LAMENDOLA, Abbiamo bisogno di fiabe o di verità?

Articolo del prof. Francesco Lamendola, dell’agosto 2019. Queste le prime considerazioni:

Nel suo ultimo libro, Marcello Veneziani sostiene, come recita il titolo, che l’umanità odierna ha nostalgia degli dèi. La sua tesi è che, nel corso dei secoli, le divinità si sono fatte idee, principi fondamentali per la vita e per la morte, amore per ciò che è superiore, permanente e degno di venerazione; e che una società schiacciata sul presente, come l’attuale, sembra averli spazzati via. Le divinità che sono state cacciate sono, per Veneziani, dieci, o lui ne elenca dieci: la Civiltà, la Patria, la Famiglia, la Comunità, la Tradizione, il Mito, il Destino, l’Anima, Dio e il Ritorno.
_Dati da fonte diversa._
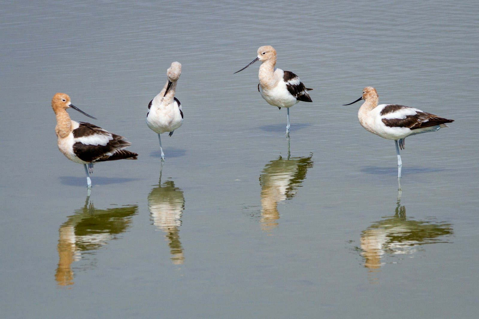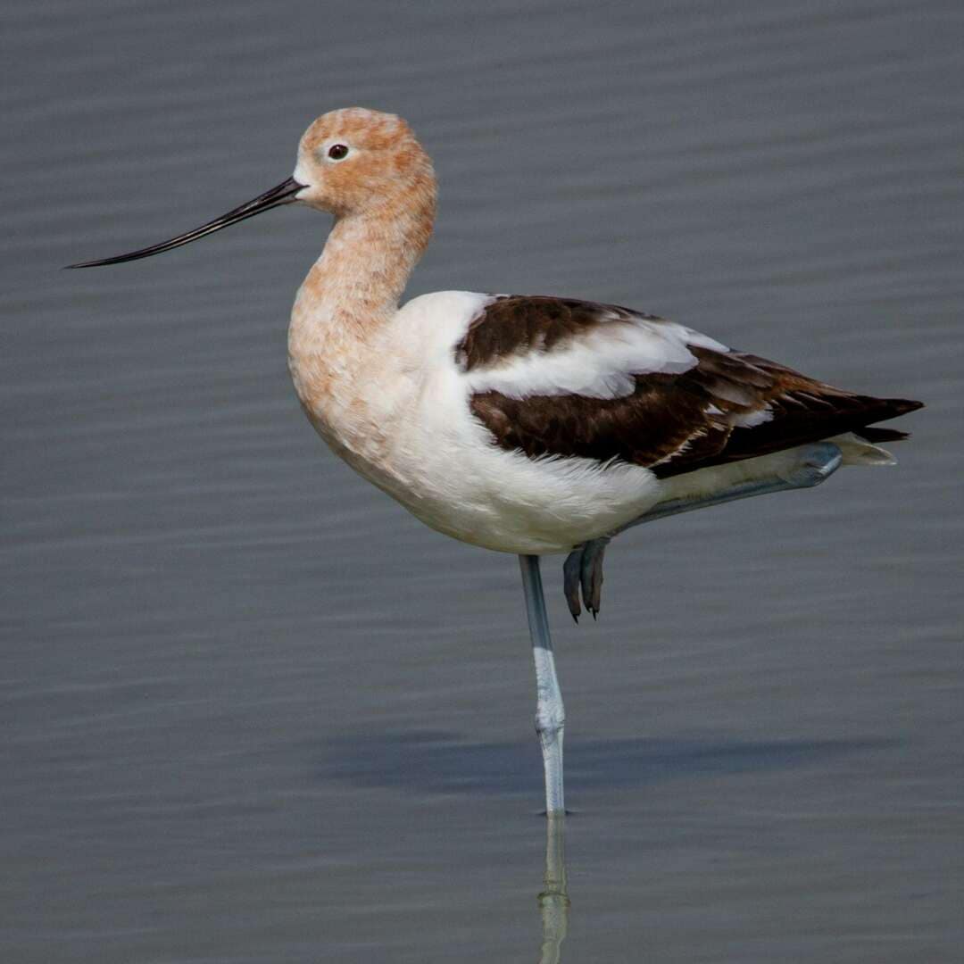 If the Canvasback is the aristocrat of ducks, the Avocet is the aristocrat of stilted shorebirds. In shallow wetlands, their black-and-white bodies, long, upturned bill, and elegant profile stand out among the other wading birds. They generally forage and hang with other shorebirds in open shallow waters. Males and females are similar, with orangey heads and necks, long, upturned beaks, and black and white wings.

In realtà, cacciati dalla porta, essi rientrano dalla finestra, proprio perché gli uomini ne hanno bisogno, non possono vivere senza; ma rientrano in forme impoverite, degradate, banalizzate: diventano i miti del consumismo, della popstar, dell’automobile, del vestito firmato.
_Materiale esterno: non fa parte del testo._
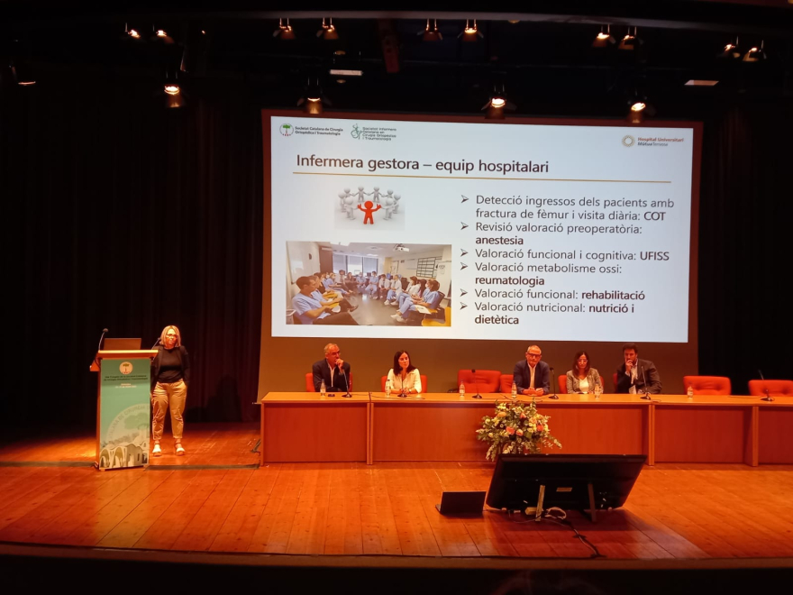 Olga Monistrol, infermera de seguretat dels pacients i recerca de l’Àrea de Projectes Assistencials d’Infermeria de l’HUMT, va moderar una taula sobre qualitat i seguretat dels pacients sobre prevenció de les infeccions en COT. En aquesta hi va intervenir Carol Porta, infermera de prevenció i control d’infecció de l’HUMT.
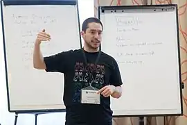 Analytics team at WMF, data, visualization, community backlogs and metrics, UI/UX. | I can help you with being a complete beginner to mediawiki development, or finding non-mediawiki core software that you might be interested in working on. Such as analytics, research, mobile apps, new greenfield wikidata UI rewrite, and other projects people are working on. Technology-wise I can help you with JS, SQL, python, big data tools, and deep analysis of mediawiki-related data. I know people in all corners of the movement, developers and otherwise, so I can introduce you to anyone you want to meet. | ||||

Questa tesi ha una certa apparenza di verosimiglianza, ma, considerata più da vicino, non regge. Prima di tutto, si basa su una confusione concettuale fra dèi e miti; poi, su una ulteriore confusione fra il mito come creazione umana, e cioè come fiaba, e il mito come conoscenza di una verità assoluta, che è il significato forte della parola, quello adoperato, ad esempio, da Platone. Se il mito, infatti, altro non fosse che l’espressione di un bisogno umano, non si vede perché il mito di Atlantide dovrebbe valere più del mito della motocicletta: ogni epoca ha i suoi miti, e ogni società li esprime alla sua maniera. In tal caso, non esisterebbe alcuna differenza, né alcuna gerarchia: i miti sarebbero tutti “sacri”, ma nel senso debole della parola, cioè degni di venerazione in base a dei presupposti meramente umani. Venerare gli dèi o venerare un oggetto prodotto dalla tecnologia, che differenza ci sarebbe?

Gli dèi non sono miti, parlano all’uomo per mezzo dei miti; e i miti non sono proiezioni del fantasticare umano, e sia pure di un nobile fantasticare […].